The Quasi-Biennial Oscillation was the subject of a workshop in the Canadian city of Victoria from 16 to 18 March. Tim Stockdale, who represented ECMWF at the meeting, explains what the QBO is all about.
The Quasi-Biennial Oscillation is one of the most remarkable phenomena in the Earth's atmosphere. High above the equator, in the stratosphere, strong zonal winds blow in a continuous circuit around the Earth. At a given altitude, the winds might start as westerlies, but over time they weaken and eventually reverse, becoming strong easterlies.
Looking at different heights, we see that the peak amplitude of the westerly winds migrates slowly downwards, with the zone of easterly winds coming behind it also migrating downwards. When the winds approach the base of the stratosphere, at around 80 hPa, they dissipate. New bands of zonal winds appear in the mid-stratosphere, at around 10 hPa, to replace the bands which migrate downwards. At any one time, there is one region of easterlies and one region of westerlies. The whole cycle progresses at a fairly (but not entirely) uniform rate, taking on average 26 months to return to the starting state.
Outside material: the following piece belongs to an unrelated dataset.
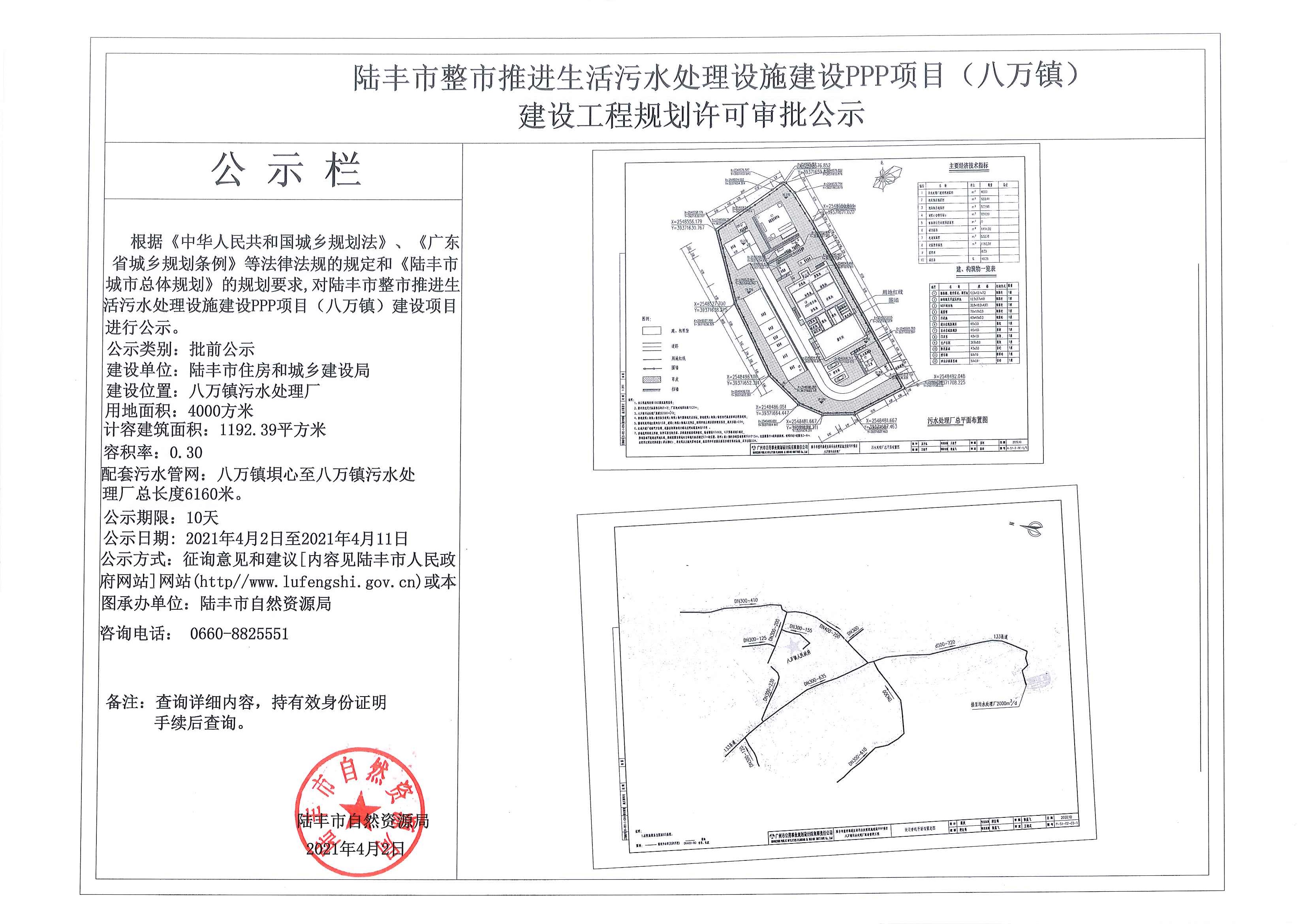 陸豐市整市推進(jìn)生活污水處理設(shè)施建設(shè)PPP項(xiàng)目(八萬(wàn)鎮(zhèn))建設(shè)工作規(guī)劃許可審批公示

When the QBO was first discovered in the late 1950s, it took scientists some time to figure out what was causing it, but by the early 1970s the basic physics was established. Waves propagate up from the troposphere into the stratosphere and, by a process known as critical layer absorption, some of these waves break and deposit momentum at just the right altitude to reinforce the zonal winds and cause them to migrate downwards. The waves involved are both large-scale equatorial waves, of the kind that ECMWF’s Integrated Forecasting System (IFS) can resolve, and small-scale gravity waves which must be parametrized. The waves carry both eastward and westward momentum, but the absorption process extracts the momentum at different levels, giving the alternative easterly and westerly winds.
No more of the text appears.